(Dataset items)
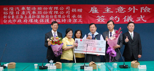 裕隆汽車蕭明輝協理今(17)日代表裕隆汽車及裕隆日產汽車捐贈今年度的「僱主意外責任險」保險金時表示,裕隆汽車及裕隆日產汽車15年來累計為超過2.2萬人次的台北市環保局市民臨時工投保意外險,在他們因工作發生急難時提供實質的家庭濟助,緩解他們所遭逢的困境。
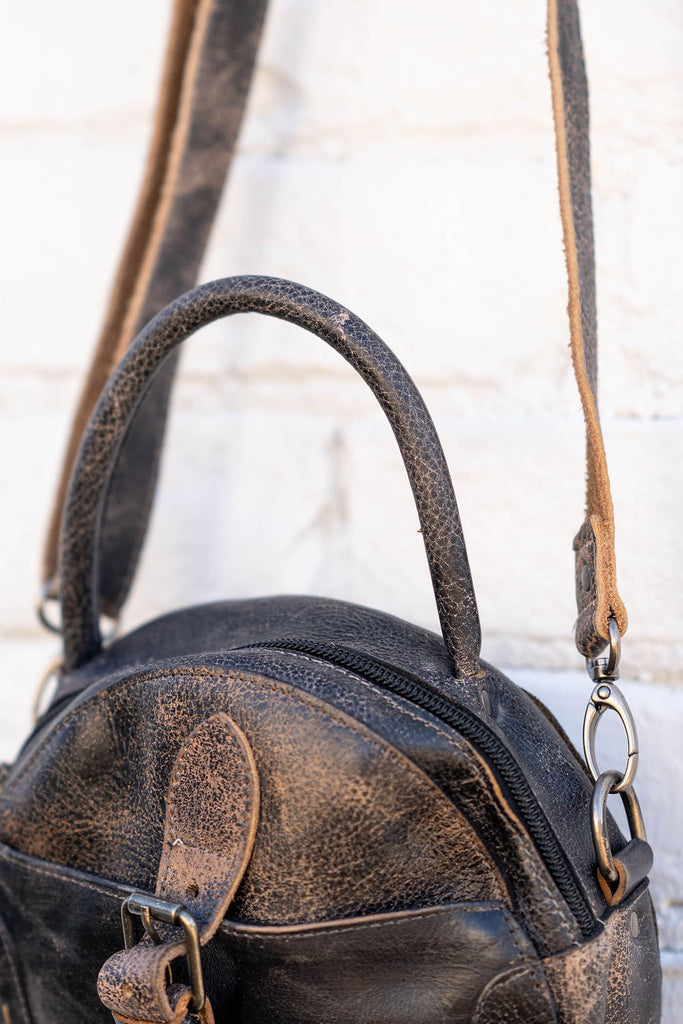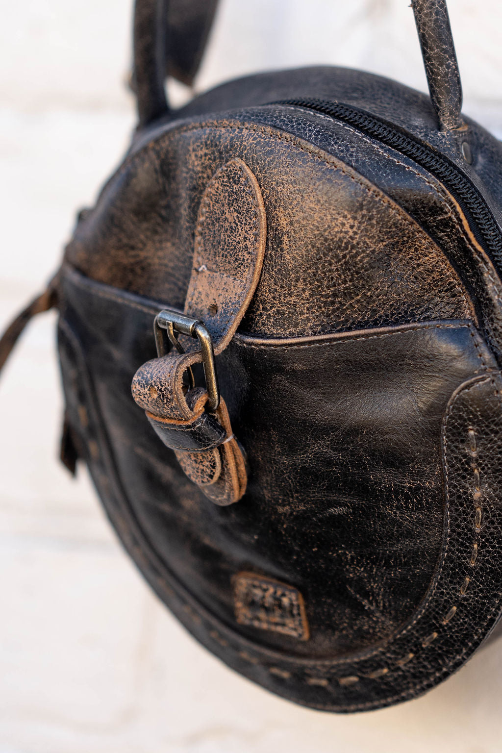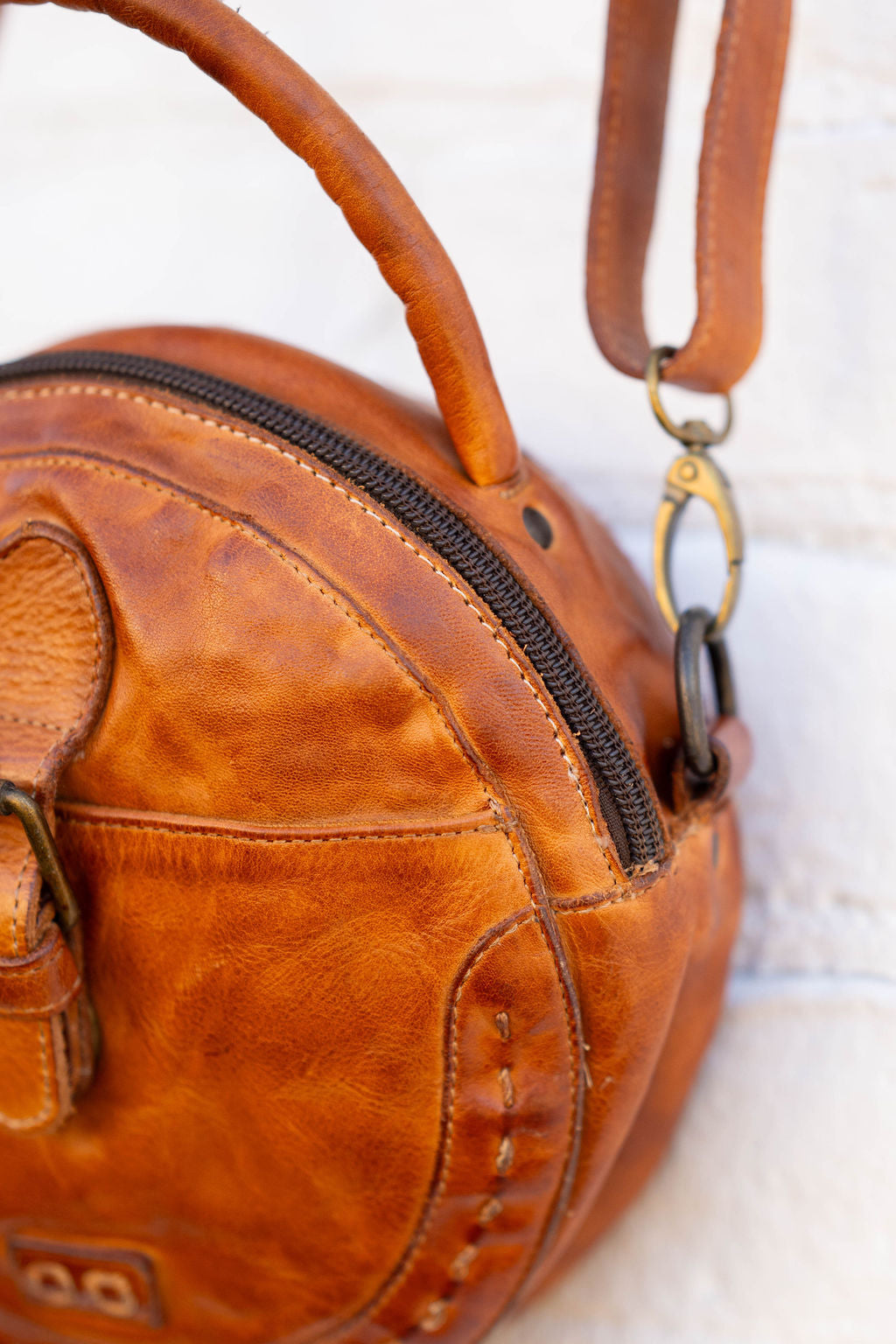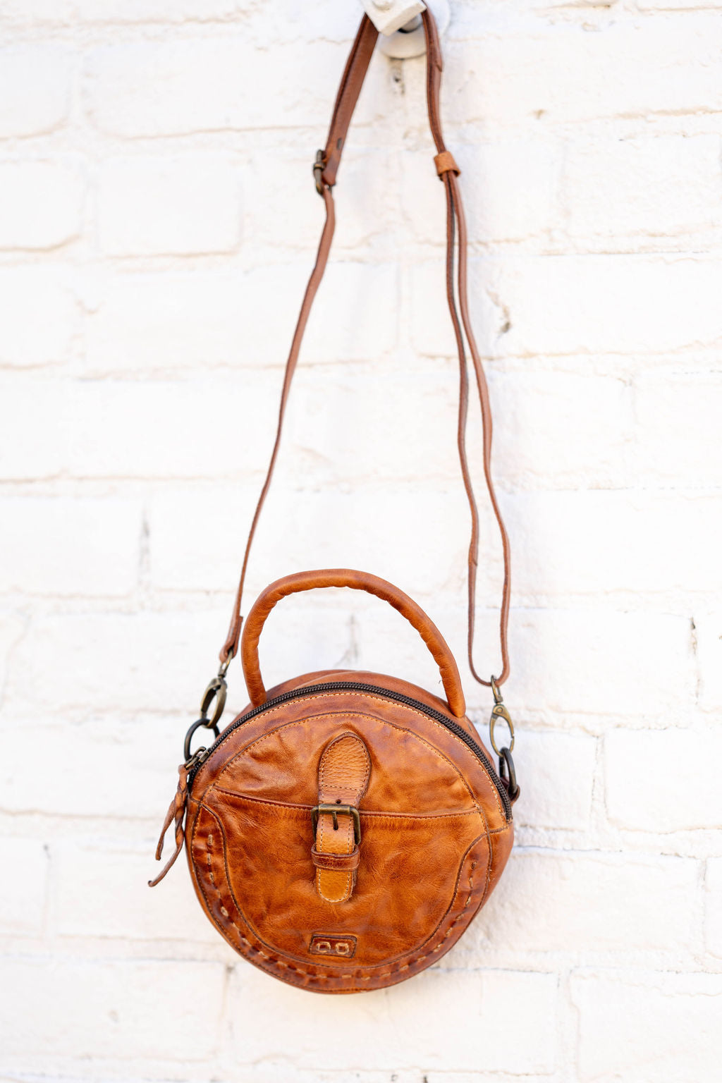 Arenfield is a unique round compact crossbody that has a small front exterior pocket with a magnet close, and a small slip one on the back that make it not just cute, but functional. It has a padded handle, zip-top close and a removable, and adjustable crossbody strap to switch up your look. Circle all things complete with Arenfield.
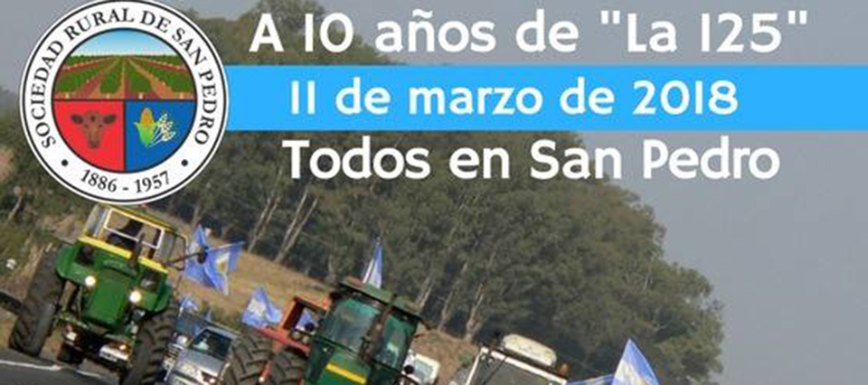 A 10 años de la resolución 125, las Sociedades Rurales de San Pedro y Baradero, Productores Autoconvocados y la delegación regional de la Federación Agraria Argentina convocan a través de las redes sociales, a una concentración el domingo 11 de marzo, en un horario a definir.
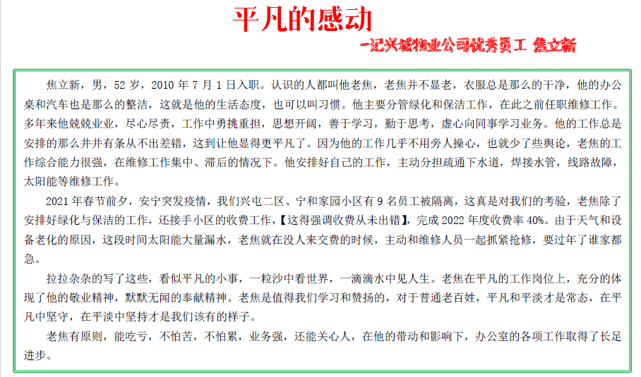 平凡的感動(dòng)——記興城物業(yè)公司優(yōu)秀員工焦立新
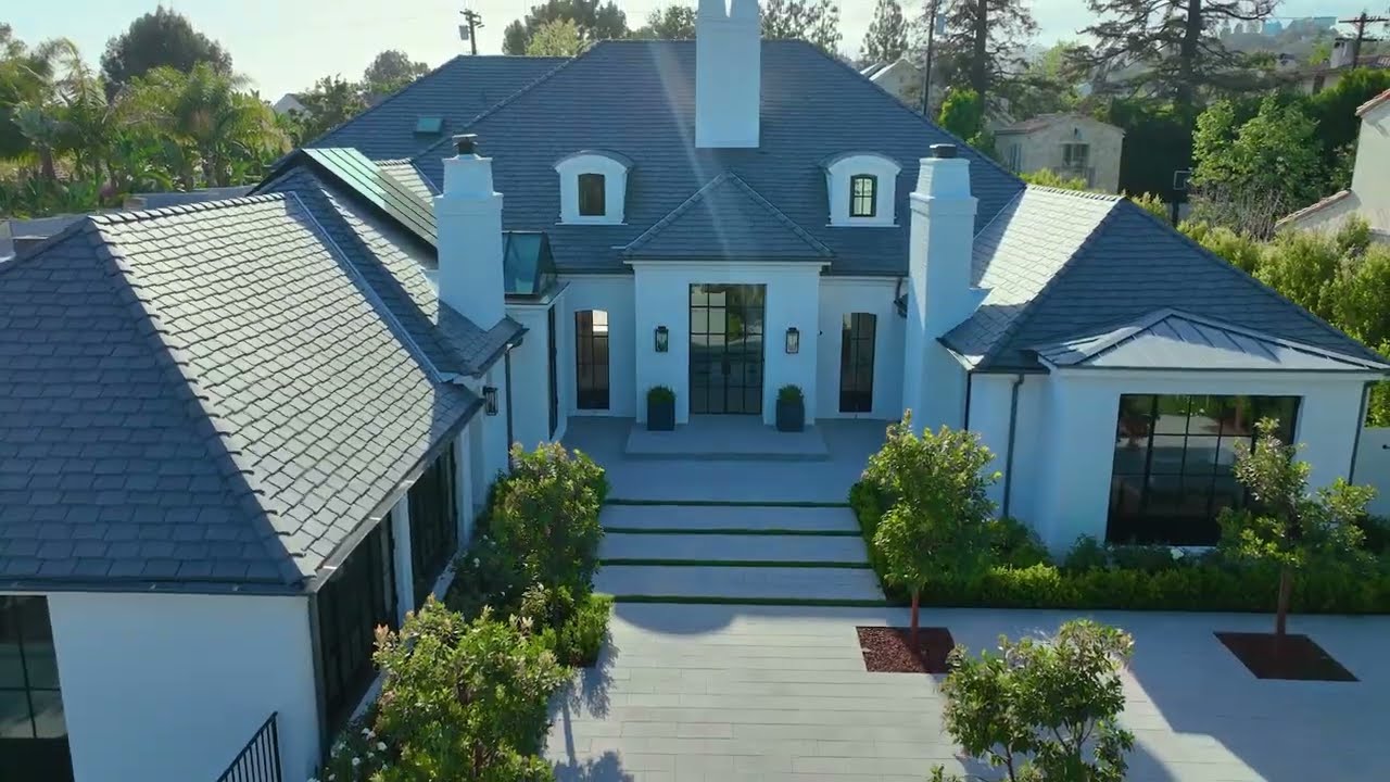 The black steel framed floor to ceiling windows and doors along with the striking glass pitched ceiling above the gourmet kitchen allow for maximum natural light throughout the house. Rich textures like French oak, brass, and soft white walls accent the home. The exterior grounds are equally captivating, featuring lush green landscape and a picturesque resort style pool. This property offers its owners the utmost privacy along with excellent space for entertaining for both intimate gatherings or grand scale events.
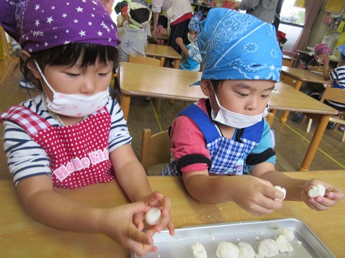き組(2歳児)、もも組(3歳児)、ふじ組(4歳児)、しろ組(5歳児)は、お団子作りを体験しました。
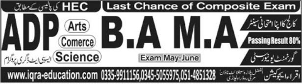 Iqra Education announced the Admission for the session of 2020. The Iqra Education has now starts the Admission in the ADP.
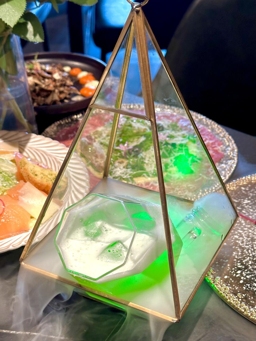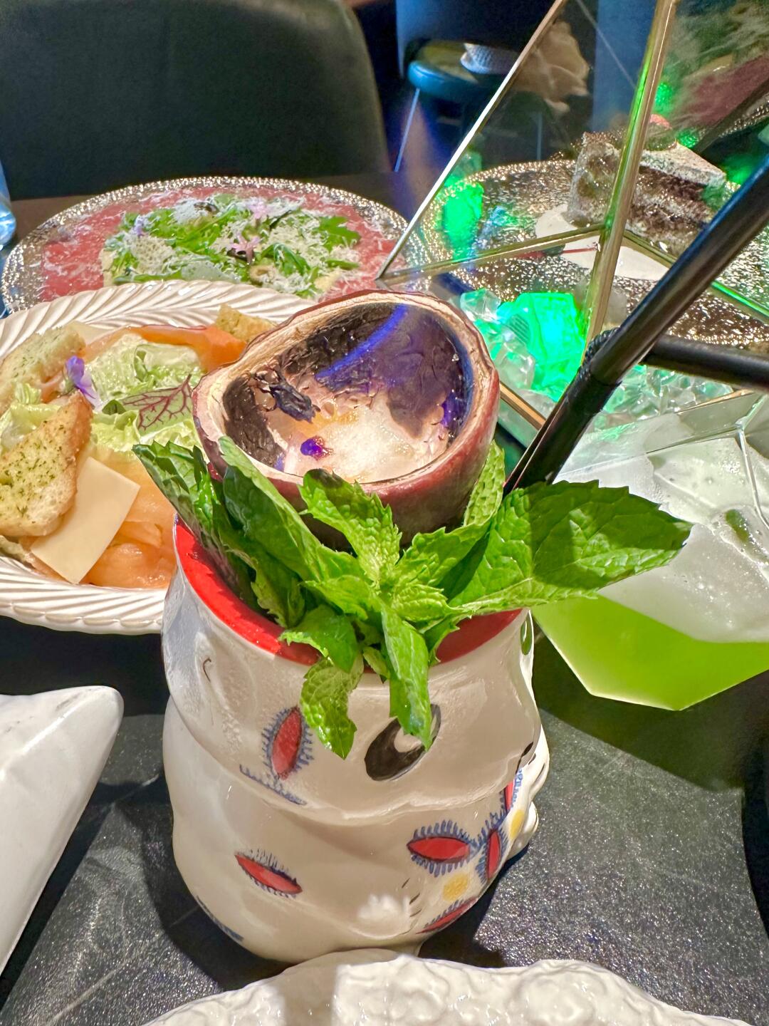 朗姆酒打底,鲜榨水果汁混薄荷叶捣出冰沙感,
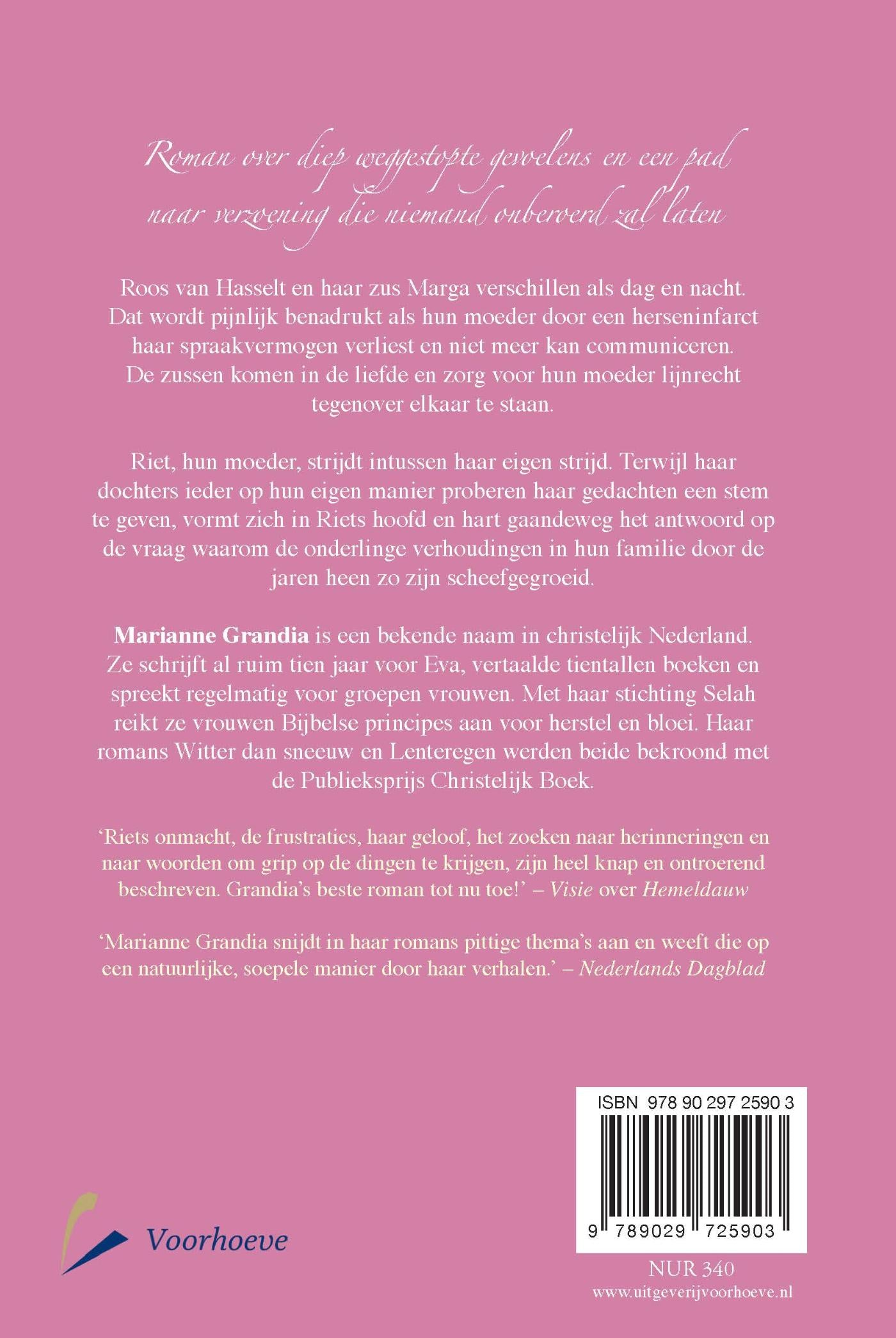 Hemeldauw is de derde roman van Marianne Grandia. Eerder verschenen van haar Witter dan sneeuw en Lenteregen, die beide keren werden bekroond met de Publieksprijs Christelijk Boek. Met Hemeldauw zet Marianne opnieuw een prachtig en ontroerend verhaal neer.

About this exercise =>
Your reply should hold only the lines running from the one with "Iqra Education announced" to the end of the data above, set down exactly, pictures omitted.

Task answer =>
 Iqra Education announced the Admission for the session of 2020. The Iqra Education has now starts the Admission in the ADP.
 朗姆酒打底,鲜榨水果汁混薄荷叶捣出冰沙感,
 Hemeldauw is de derde roman van Marianne Grandia. Eerder verschenen van haar Witter dan sneeuw en Lenteregen, die beide keren werden bekroond met de Publieksprijs Christelijk Boek. Met Hemeldauw zet Marianne opnieuw een prachtig en ontroerend verhaal neer.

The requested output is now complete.